July Performance Reports
by Doyle Ranstrom on Jul 15, 2019
Investors have or are receiving second quarter Performance Reports. Since the market is generally up, I suspect most investors are likely pleased with what they see on their report. As I have said many times before, returns on Performance Reports are pretty much irrelevant as they tell investors what happened over a specific time period. They do not predict the future.
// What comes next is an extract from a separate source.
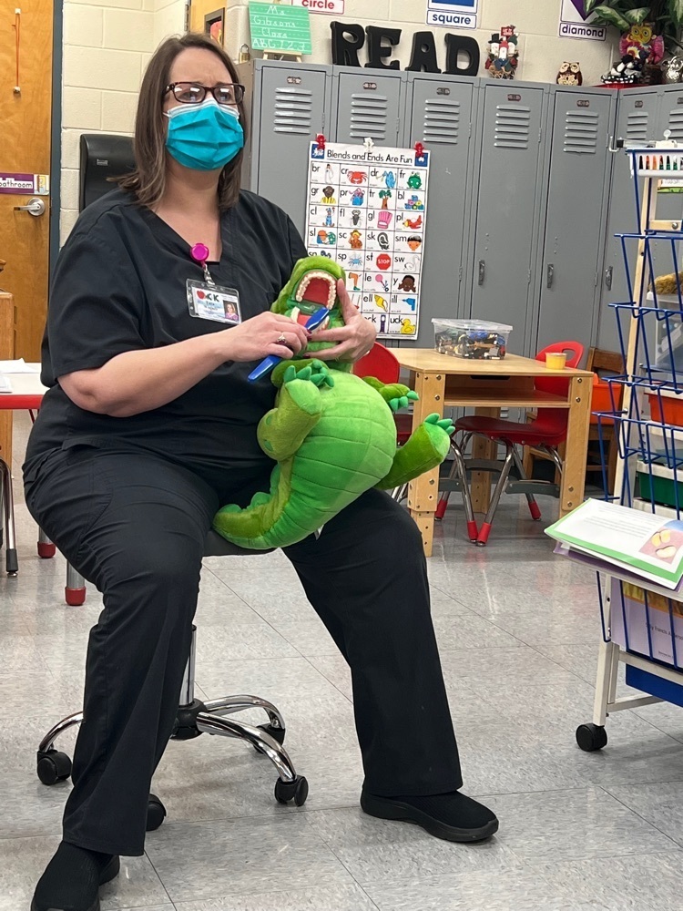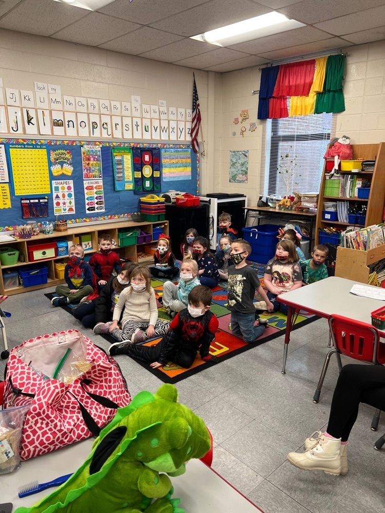 Kindergarten learns about dental health. Thank you Tara Wagner!

There are many examples of the irrelevancy of Performance Reports as a predictive tool. An easy one is from 1995-1999 performance reports generally looked good with nice gains. The stock market, as measured by the S&P Index, had double-digit gains beginning in 1995 through 1999 with the lowest gain being 21% in 1999 and the highest being 38% in 1995. Beginning in 2000 and ending in 2002 the stock market, again measured by the S&P Index, declined each year and declined a total of about 40% for the three year time period.
I remember 1999 well because it was one of my least favorite years as an Advisor. What many investors have forgotten is the gain in the S&P Index from 1995-1999 was driven in a large part by technology stocks. During 1999 investors, investors reviewing a performance report often wanted to increase their allocation in technology stocks/funds or growth funds heavily weighted towards technology stocks and reduce their holdings or allocation in other areas.
The investment world looked much different at the end of 2002. The stock market, as measured by the S&P Index declined by about 40%. Technology stocks or funds had substantial declines, some as much as 80%. At the same, other sectors in stock market value, many value funds, for example, increased over this time period. Low-risk holdings, again such as short-term and intermediate returns had very modest, but positive returns.
So what should investors do today when Performance Reports are looking good. I would suggest the following:
- Review your current asset allocation. As part of this, do a risk/reward analysis and expected return analysis.
- Review holdings to determine if some are trading at all-time highs or if the current market values are lower than previous highs. If holdings are trading at an all-time high, it is important to ask the question, are the valuations reasonable and if not, what will drive these holdings higher short-term?
- Understand the importance weighting means in an Index and the effect it may have on a portfolio. For example, the S&P Index is a weighted index. Currently, 49 stocks in the S&P Index account for 50% of the Index. The remaining 451 stocks in the Index account for the other 50%. Some investors, in funds or ETF's which track the S&P Index, believed they have a diversified investment when actually, I would describe it as narrow in its holdings. It was similar in 1999 and did not end well for investors who gave in to the temptation of increasing their holdings in the best performing sectors.
- Finally, take some time to think about both the Global economic and political environment. As part of this, consider long term trends which may affect valuations going forward.